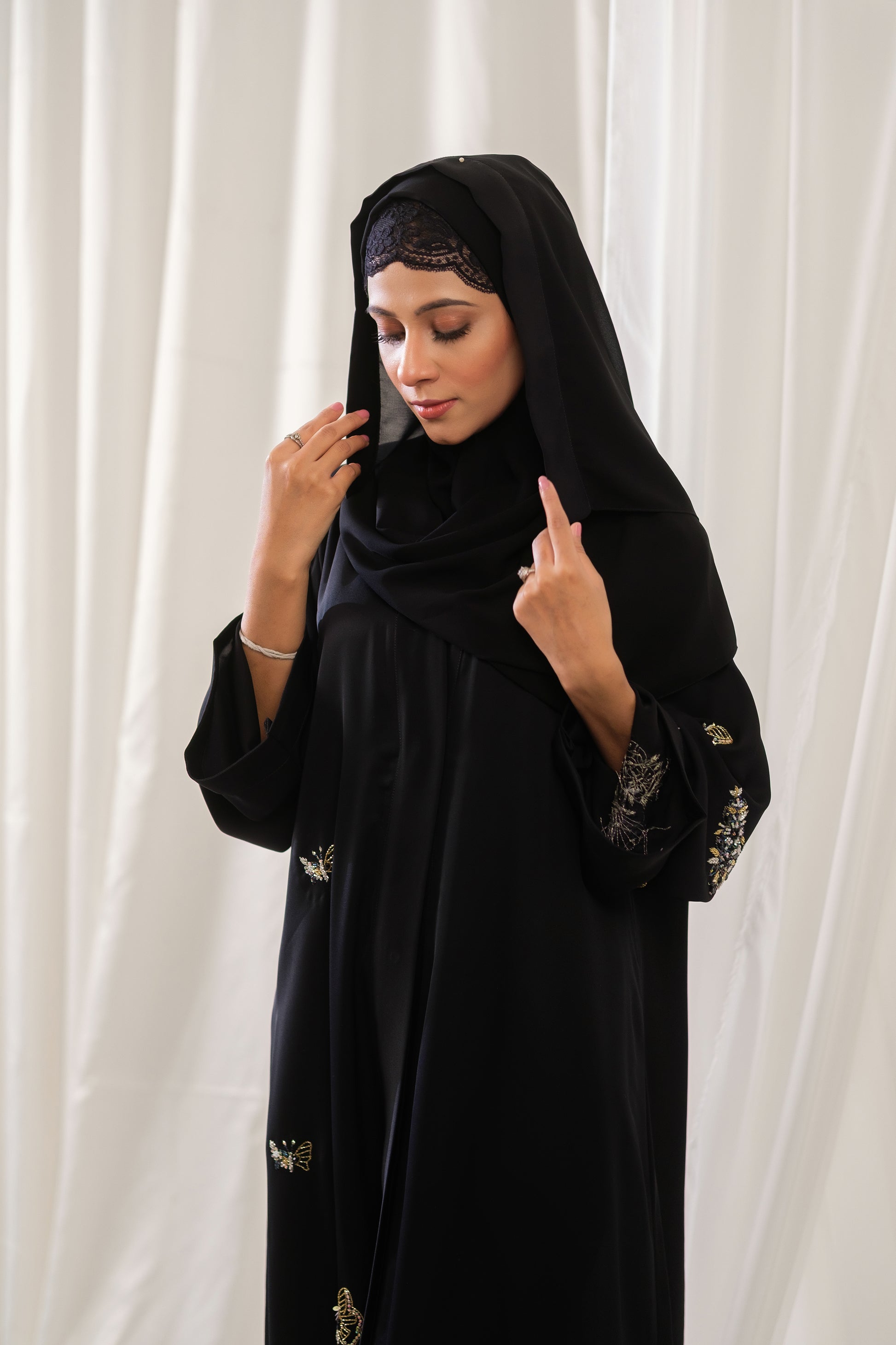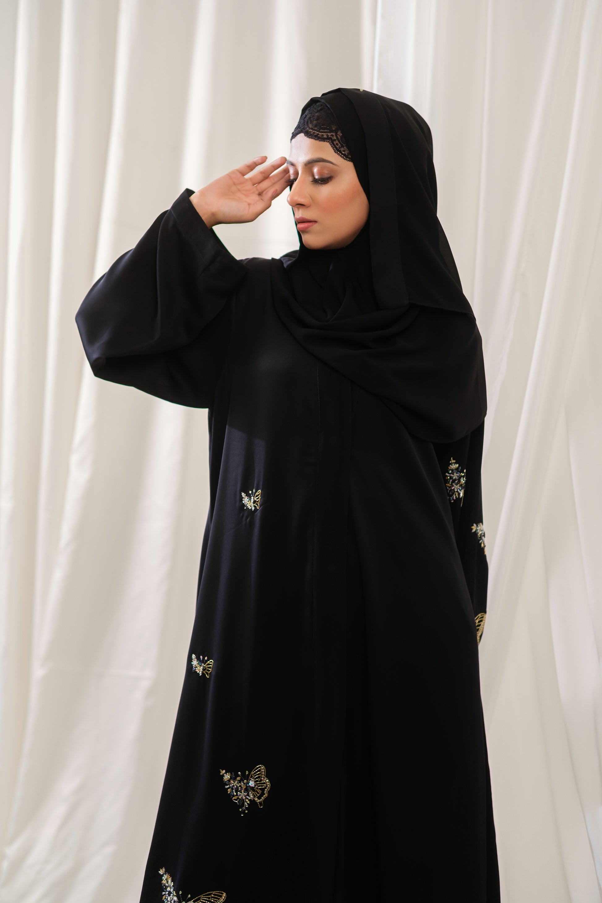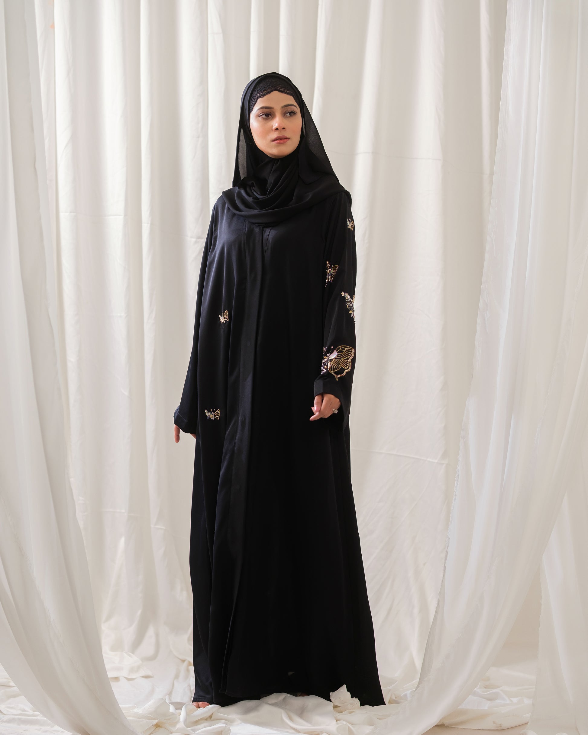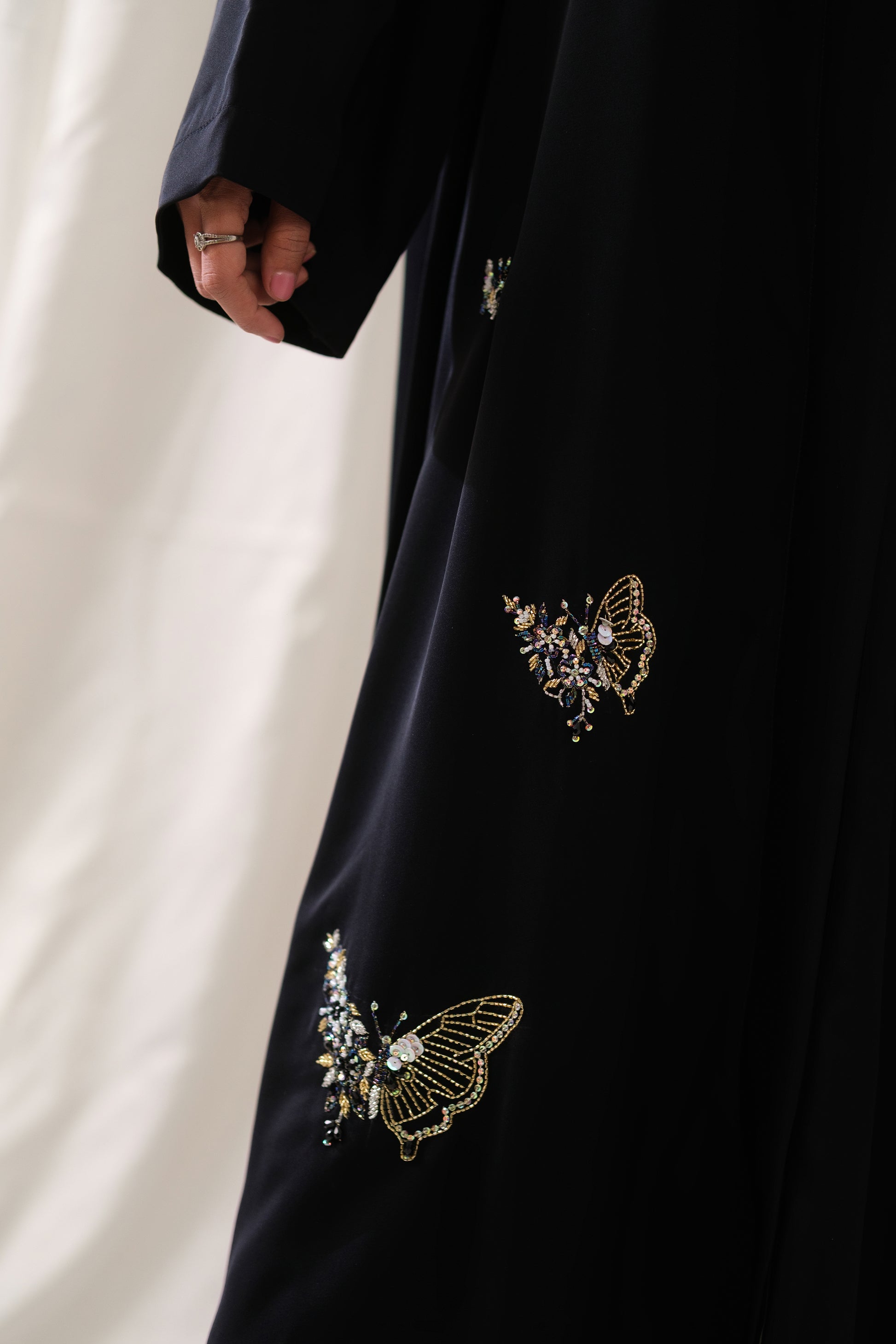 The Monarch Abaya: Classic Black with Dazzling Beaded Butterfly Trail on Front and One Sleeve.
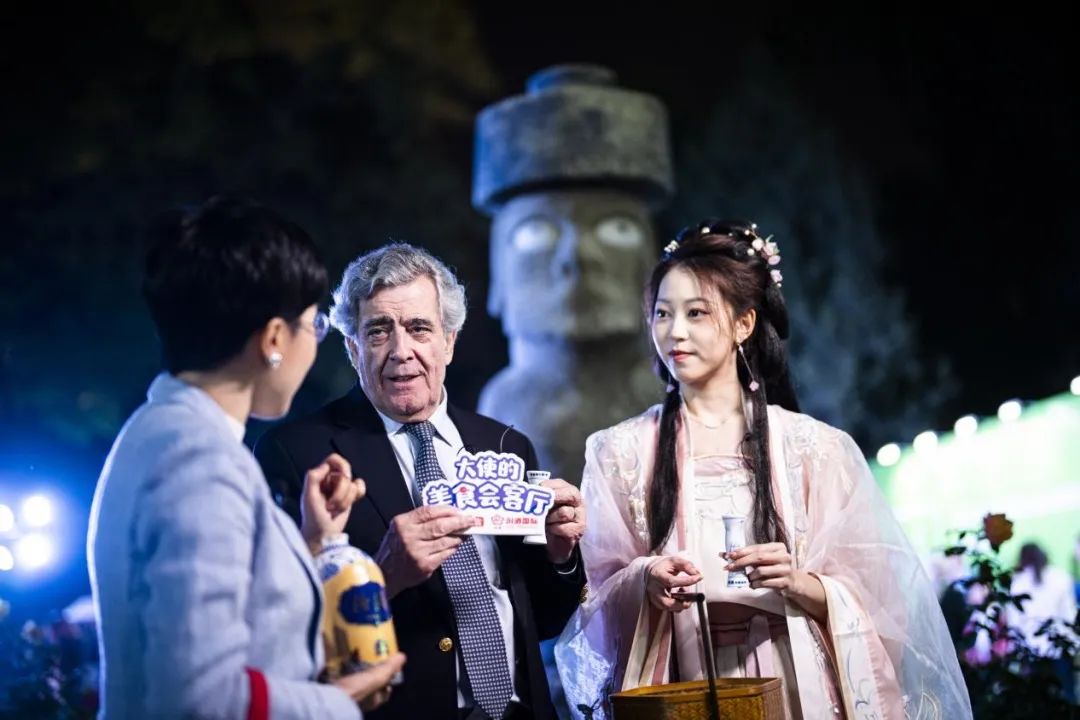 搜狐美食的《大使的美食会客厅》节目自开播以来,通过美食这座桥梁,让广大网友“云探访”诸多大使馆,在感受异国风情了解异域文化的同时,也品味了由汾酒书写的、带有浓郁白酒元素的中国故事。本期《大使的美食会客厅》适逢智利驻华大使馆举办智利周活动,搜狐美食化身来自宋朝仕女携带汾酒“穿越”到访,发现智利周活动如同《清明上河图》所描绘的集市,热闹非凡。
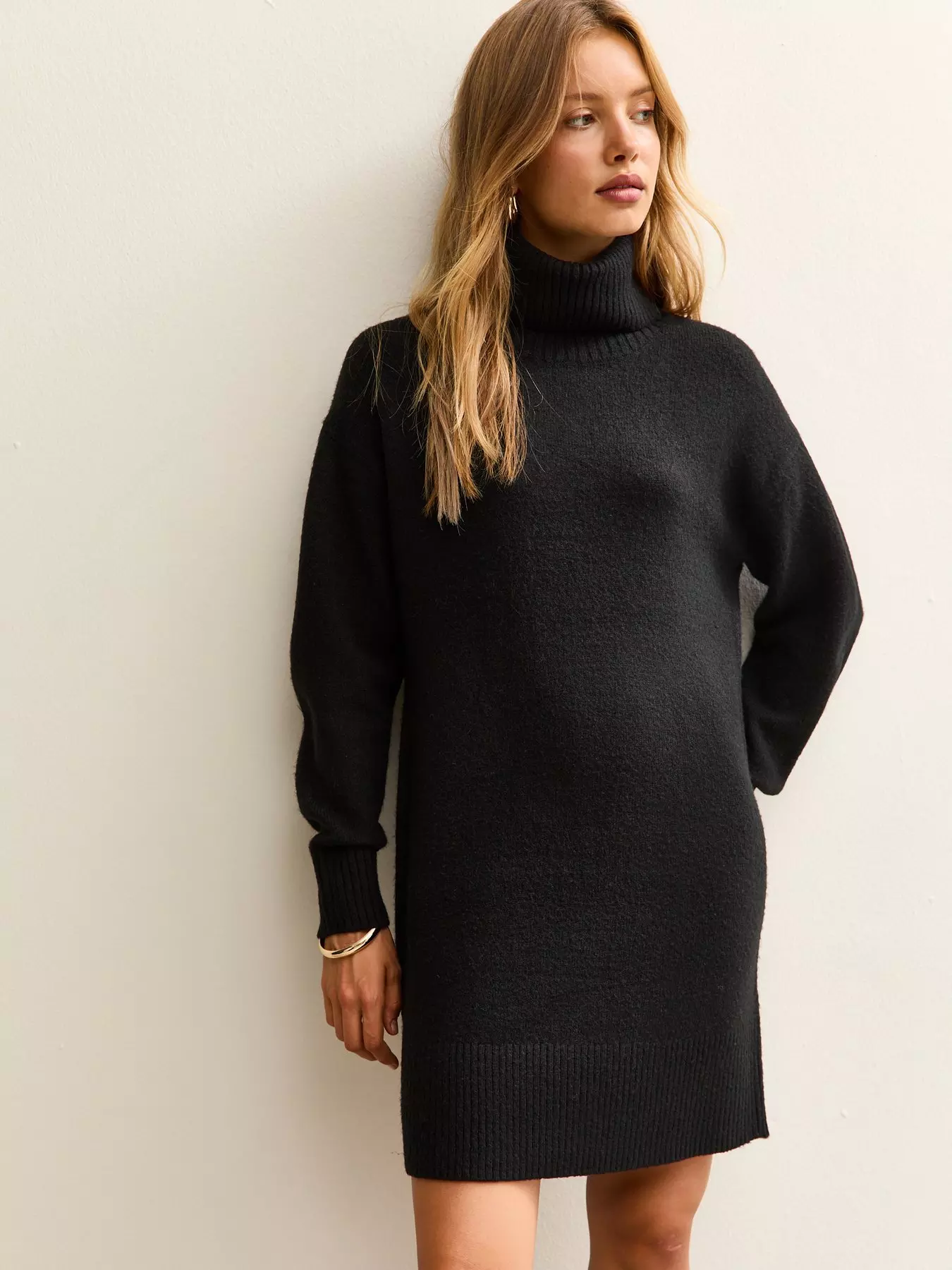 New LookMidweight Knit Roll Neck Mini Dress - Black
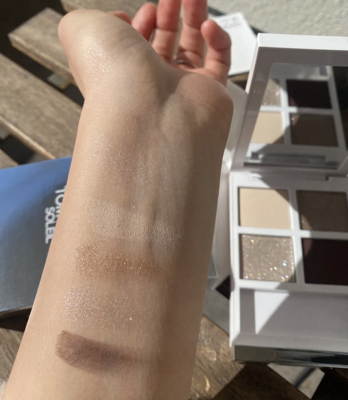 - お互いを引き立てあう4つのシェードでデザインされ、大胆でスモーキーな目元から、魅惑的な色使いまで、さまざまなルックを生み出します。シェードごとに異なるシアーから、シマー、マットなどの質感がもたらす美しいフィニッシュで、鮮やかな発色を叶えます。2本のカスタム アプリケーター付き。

● Instructions to follow: Reproduce the data above word for word, but leave the images out.

● Exercise result:
 The Monarch Abaya: Classic Black with Dazzling Beaded Butterfly Trail on Front and One Sleeve.
 搜狐美食的《大使的美食会客厅》节目自开播以来,通过美食这座桥梁,让广大网友“云探访”诸多大使馆,在感受异国风情了解异域文化的同时,也品味了由汾酒书写的、带有浓郁白酒元素的中国故事。本期《大使的美食会客厅》适逢智利驻华大使馆举办智利周活动,搜狐美食化身来自宋朝仕女携带汾酒“穿越”到访,发现智利周活动如同《清明上河图》所描绘的集市,热闹非凡。
 New LookMidweight Knit Roll Neck Mini Dress - Black
 - お互いを引き立てあう4つのシェードでデザインされ、大胆でスモーキーな目元から、魅惑的な色使いまで、さまざまなルックを生み出します。シェードごとに異なるシアーから、シマー、マットなどの質感がもたらす美しいフィニッシュで、鮮やかな発色を叶えます。2本のカスタム アプリケーター付き。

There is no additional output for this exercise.